In May, Keystone's indicator dropped into Deflation. The recent stock market rally has moved money from Treasury's back into higher-risk stocks. This results in higher yields and lower note and bond prices. The 10-year yield is 1.64% with a price at 99.891 as this missive is typed. The 10-year yield peaked at 1.73% yesterday before pulling back thus far today. The happy talk from central bankers caused the equity market rally and up in yields. Keystone's indicator has now moved back up thru disinflation and is now back into the Neutral zone.The CRB (Commodities Index) languished at 270 on the cliff edge during June but recovered, now well above 300 again. Taking a look at the numbers;
CRB/10-Year Price = 304.81/99.981 = 3.05
Over 4 = Inflation
Between 3 and 4 = Neutral; inflationists and deflationists fight it out
Between 2.9 and 3.0 = Disinflation
Under 2.9 = Deflation
Chairman Bernanke announced QE1 and QE2 as the country became mired in deflation with Keystone's indicator in the 2.5-2.6 range. The indicator dipped into this area in May but then recovered. Therefore, the QE3 watch continues but for Bernanke to act, the 10-year yield will need to drop lower (price higher) as well as the CRB dropping back down thru 270 and heading lower again. The markets are hugely optimistic that Chairman Bernanke will announce future easing plans at Jackson Hole on Friday, 8/31/12. With the CRB over 300, traders will be extremely disappointed. Bernanke fears deflation, a la the Great Depression and Japan's continued two-decade funk.
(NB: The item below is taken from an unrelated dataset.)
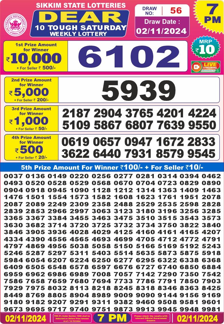 Dear 10 tough 7pm result 2-11-24
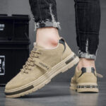 These stylish casual men’s sneakers are crafted with high-quality suede material and feature exquisite stitching, exuding a modern urban vibe. The sleek and clean design is highlighted by the unique “Fashion” lettering, adding a trendy touch and showcasing an unparalleled sense of style. The outsole is made of durable, anti-slip rubber, ensuring excellent grip and comfort, making them perfect for various everyday occasions. Whether it’s casual streetwear, outdoor activities, or daily work, these shoes can handle it all effortlessly. The soft and comfortable insole guarantees a lightweight feel even after prolonged walking, truly combining fashion and functionality. A must-have trendy essential for urban men.

With the CRB over 300, Bernanke likely has no plans for QE3. The next FOMC rate decision and meeting is 9/11/12 and 9/12/12.
Do not worry too much about the timing of QE3 since the announcement will be dictated by the deflationary pressures. QE3 is coming but not until the deflationary forces reemerge. In general, focus on the CRB; once it loses 270 the Fed will stand ready with QE3. At CRB 250-270, the Fed will act with QE3. This may happen in a few days, or it may take a few weeks, or a few months, or even not until 2013. Bernanke will avoid deflation at all costs which will cause him to act with QE3 but with the CRB higher and yields higher, QE3 will be on a milk carton for the next couple months, in contrast to what equity traders now expect. Ironically, a disappointment by the Fed will result in a market sell off, which will send the CRB lower and yields lower, thus, creating the environment for when Bernanke will act.